#### Data records:
···

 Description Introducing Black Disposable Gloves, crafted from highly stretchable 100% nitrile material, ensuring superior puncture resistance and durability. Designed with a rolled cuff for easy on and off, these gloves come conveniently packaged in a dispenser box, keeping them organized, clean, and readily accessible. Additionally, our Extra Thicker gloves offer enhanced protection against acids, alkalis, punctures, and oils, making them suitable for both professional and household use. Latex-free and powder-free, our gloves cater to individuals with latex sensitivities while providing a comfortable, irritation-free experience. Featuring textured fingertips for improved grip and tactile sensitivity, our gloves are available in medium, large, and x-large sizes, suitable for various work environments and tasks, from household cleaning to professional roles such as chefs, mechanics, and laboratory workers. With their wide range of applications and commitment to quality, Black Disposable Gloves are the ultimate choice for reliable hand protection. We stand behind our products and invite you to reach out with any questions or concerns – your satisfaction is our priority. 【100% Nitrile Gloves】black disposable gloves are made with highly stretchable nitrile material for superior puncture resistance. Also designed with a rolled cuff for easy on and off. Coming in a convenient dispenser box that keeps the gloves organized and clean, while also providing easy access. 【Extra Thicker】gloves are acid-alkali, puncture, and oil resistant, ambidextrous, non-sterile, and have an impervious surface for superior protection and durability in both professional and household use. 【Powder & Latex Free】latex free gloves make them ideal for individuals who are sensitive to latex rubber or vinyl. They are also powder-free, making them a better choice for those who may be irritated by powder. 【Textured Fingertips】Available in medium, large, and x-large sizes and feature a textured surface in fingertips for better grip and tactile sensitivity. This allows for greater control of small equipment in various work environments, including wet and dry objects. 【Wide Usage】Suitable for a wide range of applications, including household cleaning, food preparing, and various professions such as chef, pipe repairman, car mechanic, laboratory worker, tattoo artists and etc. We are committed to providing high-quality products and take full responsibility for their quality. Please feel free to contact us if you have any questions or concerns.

···

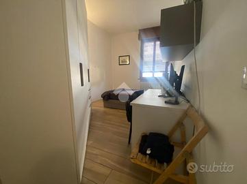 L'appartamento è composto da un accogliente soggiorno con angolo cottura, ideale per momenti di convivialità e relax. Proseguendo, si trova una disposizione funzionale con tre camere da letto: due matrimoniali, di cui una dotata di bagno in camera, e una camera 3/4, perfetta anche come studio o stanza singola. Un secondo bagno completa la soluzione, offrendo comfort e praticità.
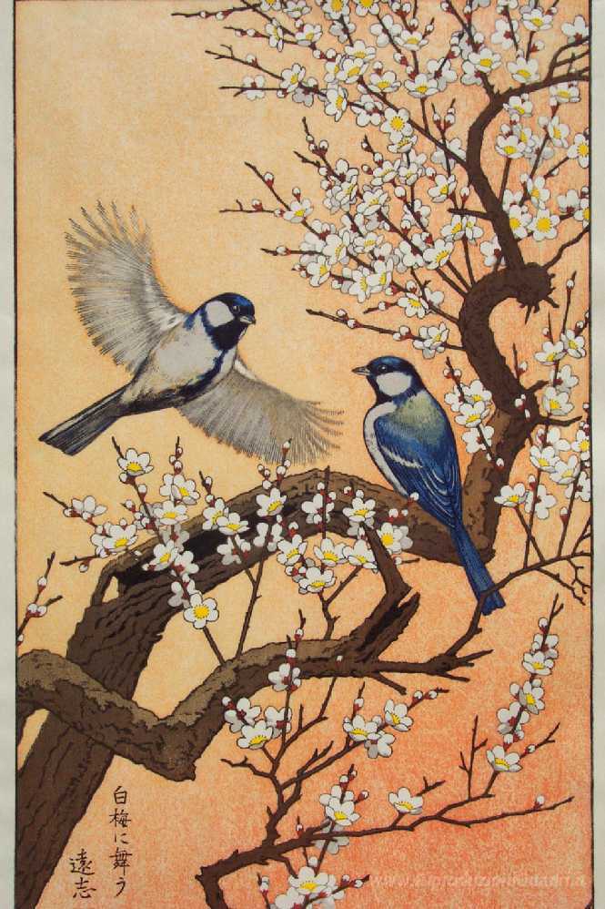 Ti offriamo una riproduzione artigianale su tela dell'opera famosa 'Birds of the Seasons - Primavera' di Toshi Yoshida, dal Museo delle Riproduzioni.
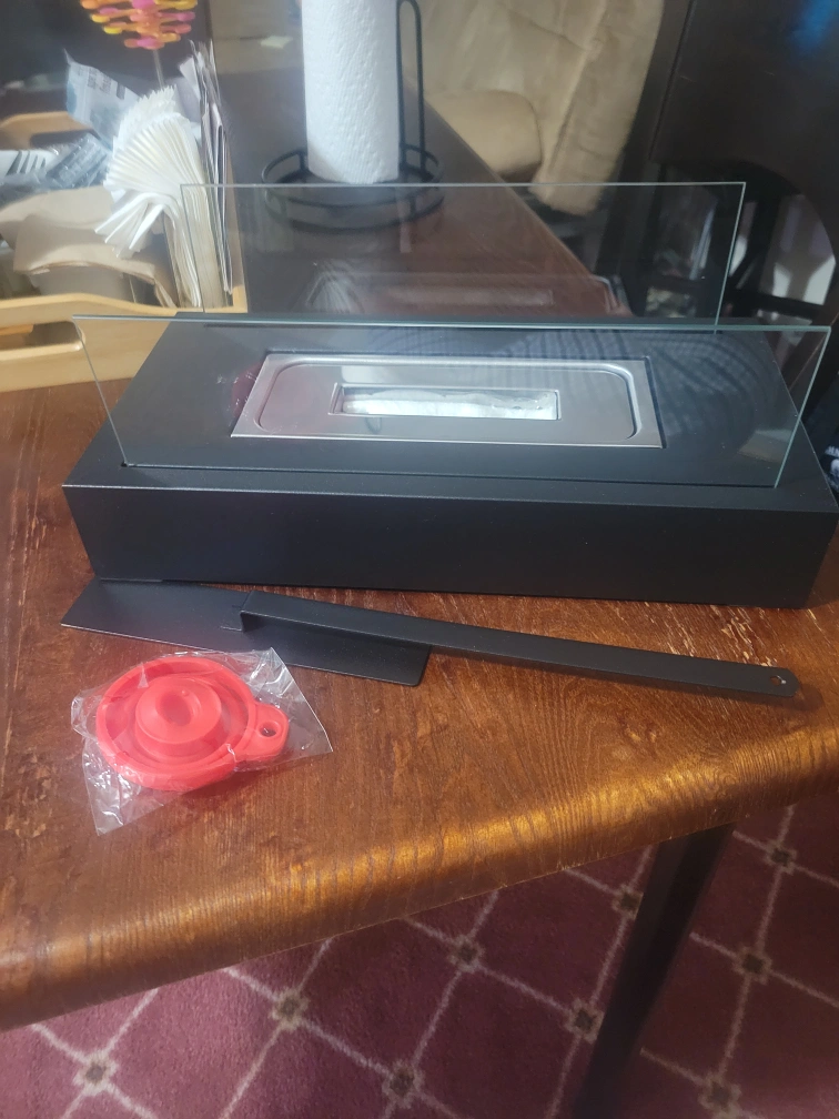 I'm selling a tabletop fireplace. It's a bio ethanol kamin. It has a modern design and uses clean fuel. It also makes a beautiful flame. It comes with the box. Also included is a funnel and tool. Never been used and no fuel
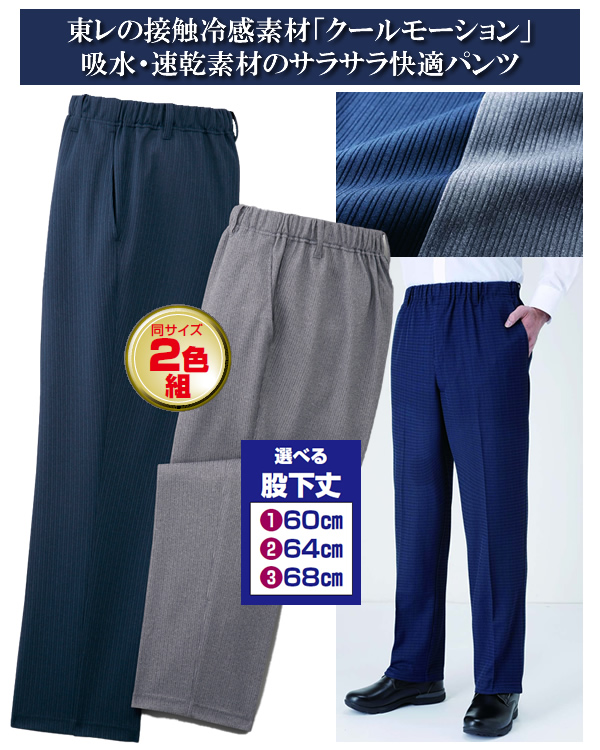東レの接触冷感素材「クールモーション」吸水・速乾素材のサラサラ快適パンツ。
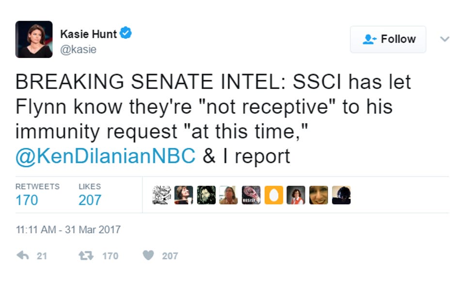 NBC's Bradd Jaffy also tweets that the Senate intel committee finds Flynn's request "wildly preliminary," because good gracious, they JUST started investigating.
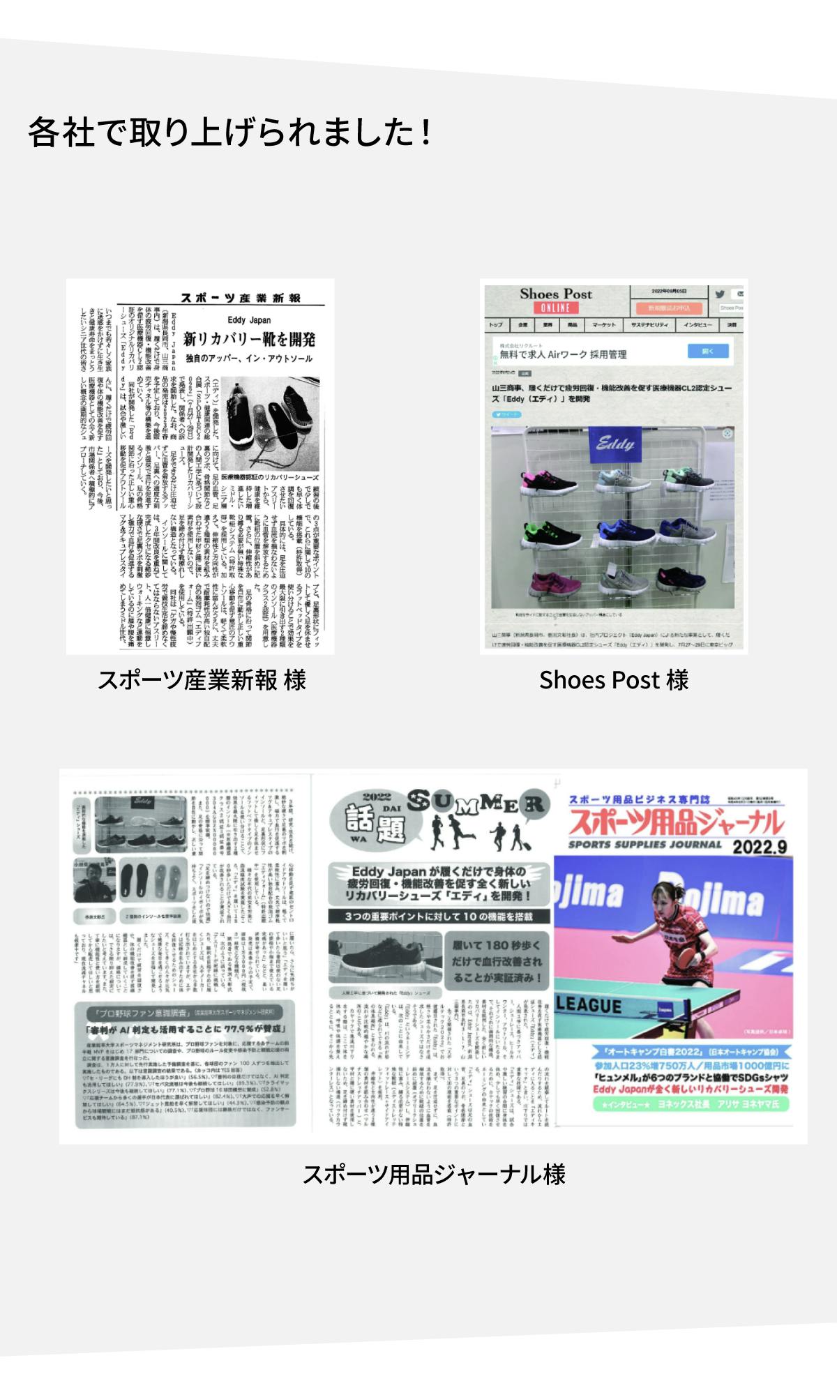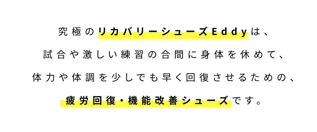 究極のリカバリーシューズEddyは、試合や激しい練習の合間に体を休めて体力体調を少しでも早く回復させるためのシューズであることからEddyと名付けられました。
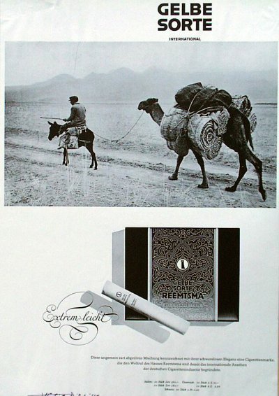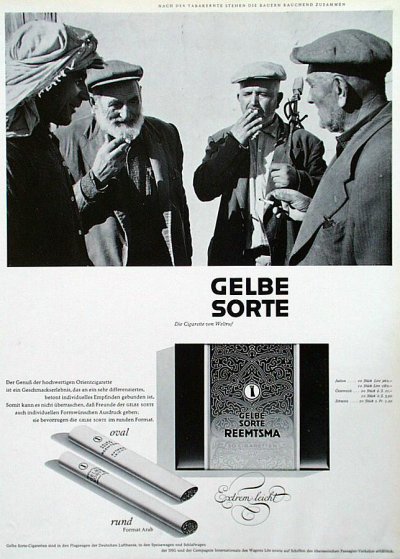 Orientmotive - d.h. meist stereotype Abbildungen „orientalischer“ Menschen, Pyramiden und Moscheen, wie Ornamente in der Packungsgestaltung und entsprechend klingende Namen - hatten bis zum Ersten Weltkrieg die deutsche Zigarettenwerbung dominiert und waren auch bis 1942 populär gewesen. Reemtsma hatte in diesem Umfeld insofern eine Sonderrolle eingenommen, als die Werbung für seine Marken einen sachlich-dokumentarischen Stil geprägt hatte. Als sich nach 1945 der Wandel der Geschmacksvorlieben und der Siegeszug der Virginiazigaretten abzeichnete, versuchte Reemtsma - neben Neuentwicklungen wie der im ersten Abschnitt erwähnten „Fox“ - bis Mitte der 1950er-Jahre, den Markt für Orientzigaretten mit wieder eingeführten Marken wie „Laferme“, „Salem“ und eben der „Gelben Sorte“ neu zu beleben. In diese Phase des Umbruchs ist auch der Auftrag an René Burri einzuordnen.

···

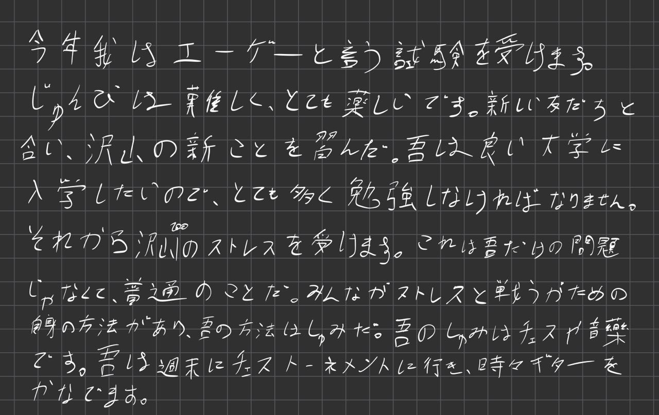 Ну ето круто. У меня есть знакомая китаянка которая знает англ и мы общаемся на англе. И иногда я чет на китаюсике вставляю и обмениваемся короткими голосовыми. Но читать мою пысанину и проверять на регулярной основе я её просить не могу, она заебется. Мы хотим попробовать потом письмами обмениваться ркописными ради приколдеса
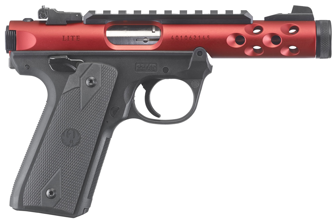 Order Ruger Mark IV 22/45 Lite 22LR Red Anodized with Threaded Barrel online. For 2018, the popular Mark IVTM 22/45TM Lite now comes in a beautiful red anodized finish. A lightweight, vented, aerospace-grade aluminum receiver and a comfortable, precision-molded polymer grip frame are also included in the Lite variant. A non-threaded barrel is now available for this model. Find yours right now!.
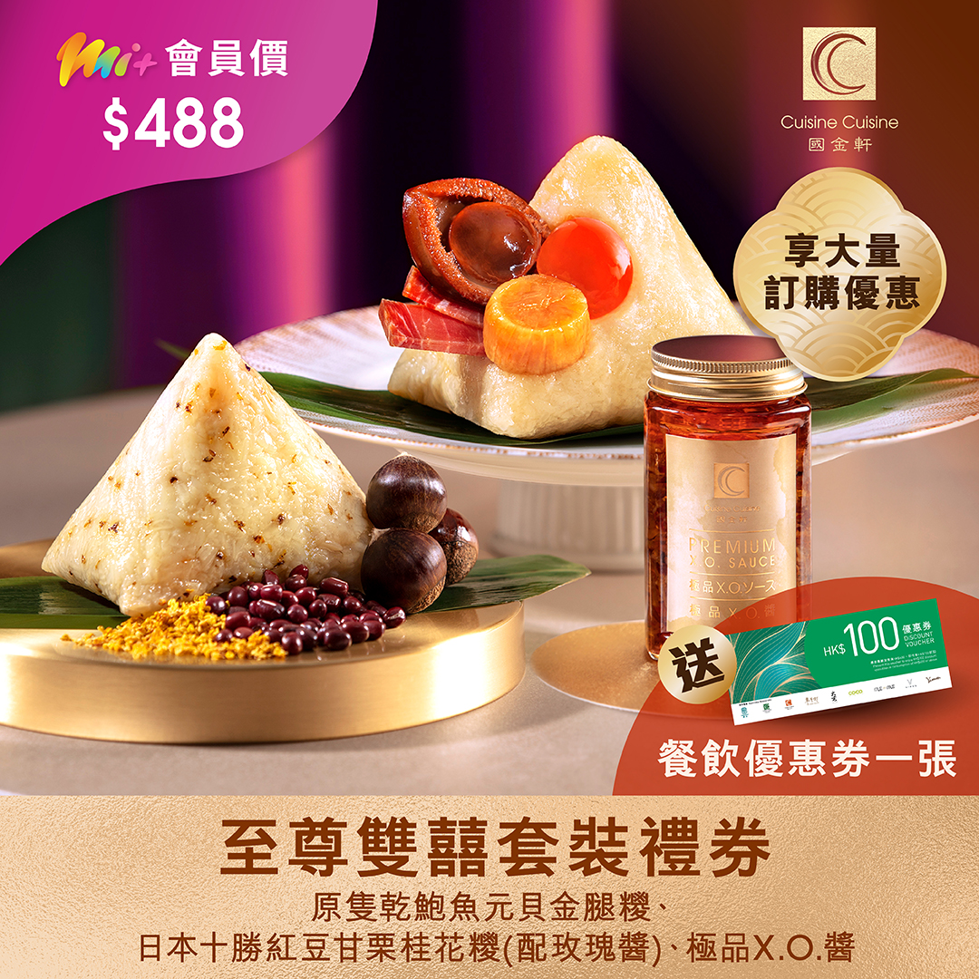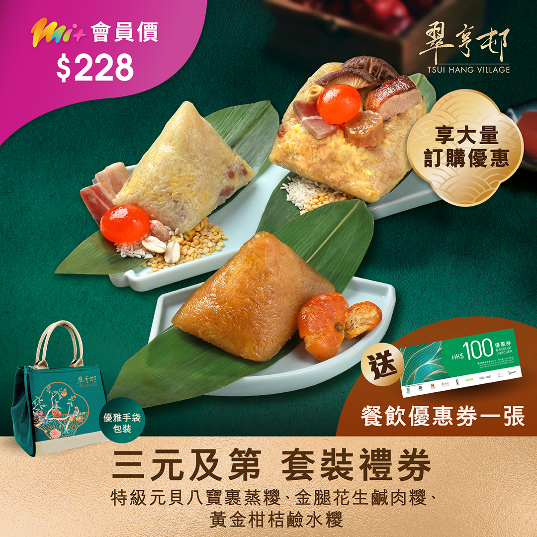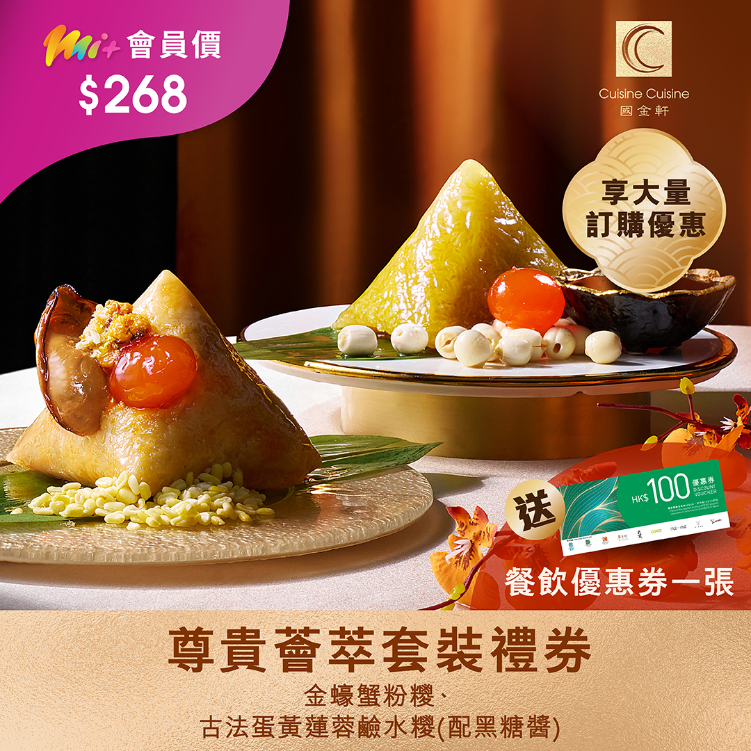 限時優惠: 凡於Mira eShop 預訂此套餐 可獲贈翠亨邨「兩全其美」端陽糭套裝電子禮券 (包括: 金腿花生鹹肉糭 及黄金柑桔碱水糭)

···

Reproduce exactly the lines above starting at the line containing "Order Ruger Mark" and ending at the line containing "限時優惠: 凡於Mira eShop", including both, but not the pictures.

#### Finished exercise:
 Order Ruger Mark IV 22/45 Lite 22LR Red Anodized with Threaded Barrel online. For 2018, the popular Mark IVTM 22/45TM Lite now comes in a beautiful red anodized finish. A lightweight, vented, aerospace-grade aluminum receiver and a comfortable, precision-molded polymer grip frame are also included in the Lite variant. A non-threaded barrel is now available for this model. Find yours right now!.
 限時優惠: 凡於Mira eShop 預訂此套餐 可獲贈翠亨邨「兩全其美」端陽糭套裝電子禮券 (包括: 金腿花生鹹肉糭 及黄金柑桔碱水糭)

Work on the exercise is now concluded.